Therapeutic Drug Monitoring (TDM)

Questions and Answers

Which characteristic primarily defines a substance's ability to undergo reactions within a nonspecific series?

• Its origin, whether endogenous or exogenous to the system.
• Its complex molecular structure, allowing for diverse interactions.
• Its ability to be processed through a variety of enzymatic pathways. (correct)
• Its capacity to interact with specific, targeted receptors.

How does the broadened scope of molecular genetic testing influence the identification of genetic variants, compared to traditional methods?

• It allows for the precise detection of complex chromosomal aberrations.
• It increases the reliance on phenotypic observations for variant detection.
• It facilitates the discovery of rare variants with significant functional effects.
• It enhances the recognition of prevalent genetic variants associated with various traits. (correct)

In the context of substance processing, what is the significance of a reaction series being 'nonspecific'?

• It enables the processing of a wide array of substances, regardless of origin. (correct)
• It ensures that only targeted substances undergo transformation.
• It limits the influence of endogenous factors on the reaction outcome.
• It guarantees a uniform reaction rate for all participating substances.

Which factor most significantly contributes to the increasing application of molecular genetic testing in identifying genetic variants?

The enhanced ability to pinpoint common genetic variations linked to specific traits. (D)

How does the accessibility of a reaction series to both endogenous and exogenous substances affect its potential for metabolic interactions?

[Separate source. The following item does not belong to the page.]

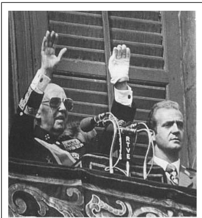
Franco en Juan Carlos in 1975

In 1957 werd het zelfs duidelijk dat zijn economische politiek met het streven naar autarkie ten dode was opgeschreven. Hij benoemde een aantal technocraten in zijn kabinet, waarvan de nieuwe minister van financiën Mariano Navarro Rubio en de technisch secretaris Laureano López Rodó, het meest invloedrijk waren. In maart 1959 werd een stabilisatieplan aangenomen, de peseta gedevalueerd en de overheidsuitgaven teruggedrongen. Wat Franco niet toestond was een drastische reductie van het leger en van het militaire budget. Vanaf dat moment liet Franco het financieel-economisch beleid aan de technocraten over. Een beslissing die al begin jaren zestig zijn vruchten zou afwerpen. De opbouw van de toeristenindustrie is daar misschien wel het duidelijkste voorbeeld van.

It expands the range of potential interactions, increasing complexity. (C)

Why is Therapeutic Drug Monitoring (TDM) commonly employed, considering the characteristics of substances entering biochemical pathways?

To mitigate the challenges arising from the inherent variability in induction processes. (C)

How does the concept of substances 'entering biochemical pathways intended for endogenous substances' relate to drug metabolism and efficacy?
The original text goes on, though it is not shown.